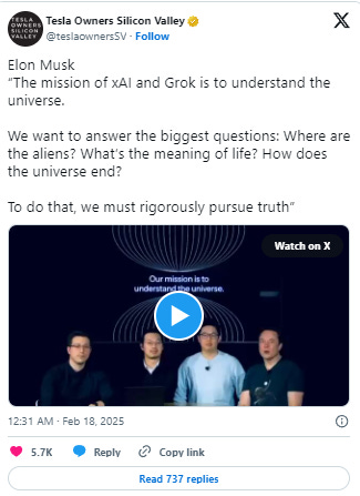 "The mission of xAI and Grok is to understand the universe. We want to answer the biggest questions: Where are the aliens? What's the meaning of life? How does the universe end? To do that, we must rigorously pursue truth."
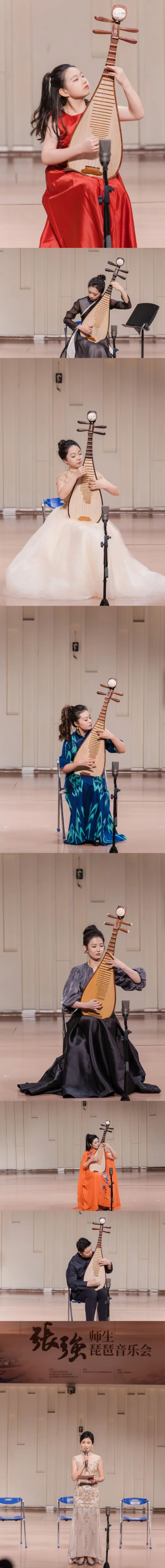本场师生音乐会宛如一颗璀璨的明珠在音乐的星空中熠熠生辉,吸引了全国各地众多音乐爱好者前来聆听。音乐会参演者三十三人,有专业音乐院校的教授、副教授,专业演奏团体的琵琶首席,其中有多个琵琶赛事的金奖获得者,年龄横跨48岁,最小的年仅11岁。他们在舞台上展现出了扎实的基本功和独特的音乐理解,在张强先生的悉心栽培下,逐渐绽放出属于自己的光彩。
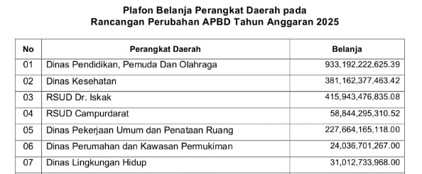 Tidak hanya itu, menurutnya juga terjadi penumpukan anggaran di dinas lain. “ Yang lebih parah lagi, ada penumpukan anggaran dikisaran 30 % APBD di Dinas Pendidikan dan penumpukan terbanyak adalah untuk Belanja Pegawai, dimana penggunakan anggaran di Dinas Pendidikan mencapai 933 milyar lebih pada APBDP 2025”, terang pria berambut putih ini.
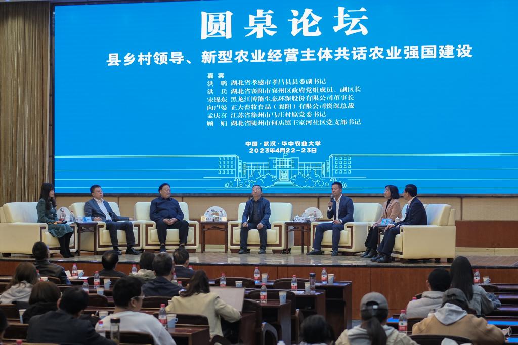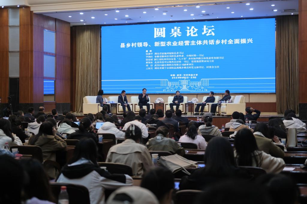 2023年4月23日,2023年乡村振兴荆楚论坛之圆桌论坛于bv伟德国际1946国际学术交流中心一楼报告厅举行,各县乡村领导、新型农业经营主体就乡村全面振兴、农业强国建设两个话题进行分享和探讨。湖北省恩施州建始县书记张渊平,湖北省孝感市孝昌县县委副书记洪鹏,湖北省襄阳市襄州区党组成员、副区长洪兵,安徽省滁州市凤阳县县委常委、小岗村第一书记李锦柱,浙江省杭州市淳安县“大下姜”乡村振兴联合体党委常务副书记张宏斌,北京市昌平区郑各庄村第一书记、宏福集团董事局主席黄福水,武汉回盛生物科技有限公司副董事长刘洁,黑龙江博能生态环保股份有限公司董事长宋锦东,正大畜牧食品(襄阳)有限公司资深总裁向卢晏,江苏省徐州市马庄村原党委书记孟庆喜,湖北省随州市何店镇王家河社区党支部书记顾娟,湖北省咸宁市崇阳县高枧乡桃花村党支部书记、村委会主任王初文等参与本次论坛。圆桌论坛分别由伟德bv1946官网教授李晓云、公共管理公司教授曾晨主持。
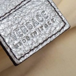 When utility meets high style, we get this Versace bag. Crafted from woven leather, this bag features a top handle, the Medusa logo charm on the embellished front flap, heavy fringes on the exterior, and a fabric interior to house the things you need.

************

Action item:
All that is needed is the data above, repeated exactly, without the pictures.

Expected answer:
 "The mission of xAI and Grok is to understand the universe. We want to answer the biggest questions: Where are the aliens? What's the meaning of life? How does the universe end? To do that, we must rigorously pursue truth."
本场师生音乐会宛如一颗璀璨的明珠在音乐的星空中熠熠生辉,吸引了全国各地众多音乐爱好者前来聆听。音乐会参演者三十三人,有专业音乐院校的教授、副教授,专业演奏团体的琵琶首席,其中有多个琵琶赛事的金奖获得者,年龄横跨48岁,最小的年仅11岁。他们在舞台上展现出了扎实的基本功和独特的音乐理解,在张强先生的悉心栽培下,逐渐绽放出属于自己的光彩。
 Tidak hanya itu, menurutnya juga terjadi penumpukan anggaran di dinas lain. “ Yang lebih parah lagi, ada penumpukan anggaran dikisaran 30 % APBD di Dinas Pendidikan dan penumpukan terbanyak adalah untuk Belanja Pegawai, dimana penggunakan anggaran di Dinas Pendidikan mencapai 933 milyar lebih pada APBDP 2025”, terang pria berambut putih ini.
 2023年4月23日,2023年乡村振兴荆楚论坛之圆桌论坛于bv伟德国际1946国际学术交流中心一楼报告厅举行,各县乡村领导、新型农业经营主体就乡村全面振兴、农业强国建设两个话题进行分享和探讨。湖北省恩施州建始县书记张渊平,湖北省孝感市孝昌县县委副书记洪鹏,湖北省襄阳市襄州区党组成员、副区长洪兵,安徽省滁州市凤阳县县委常委、小岗村第一书记李锦柱,浙江省杭州市淳安县“大下姜”乡村振兴联合体党委常务副书记张宏斌,北京市昌平区郑各庄村第一书记、宏福集团董事局主席黄福水,武汉回盛生物科技有限公司副董事长刘洁,黑龙江博能生态环保股份有限公司董事长宋锦东,正大畜牧食品(襄阳)有限公司资深总裁向卢晏,江苏省徐州市马庄村原党委书记孟庆喜,湖北省随州市何店镇王家河社区党支部书记顾娟,湖北省咸宁市崇阳县高枧乡桃花村党支部书记、村委会主任王初文等参与本次论坛。圆桌论坛分别由伟德bv1946官网教授李晓云、公共管理公司教授曾晨主持。
 When utility meets high style, we get this Versace bag. Crafted from woven leather, this bag features a top handle, the Medusa logo charm on the embellished front flap, heavy fringes on the exterior, and a fabric interior to house the things you need.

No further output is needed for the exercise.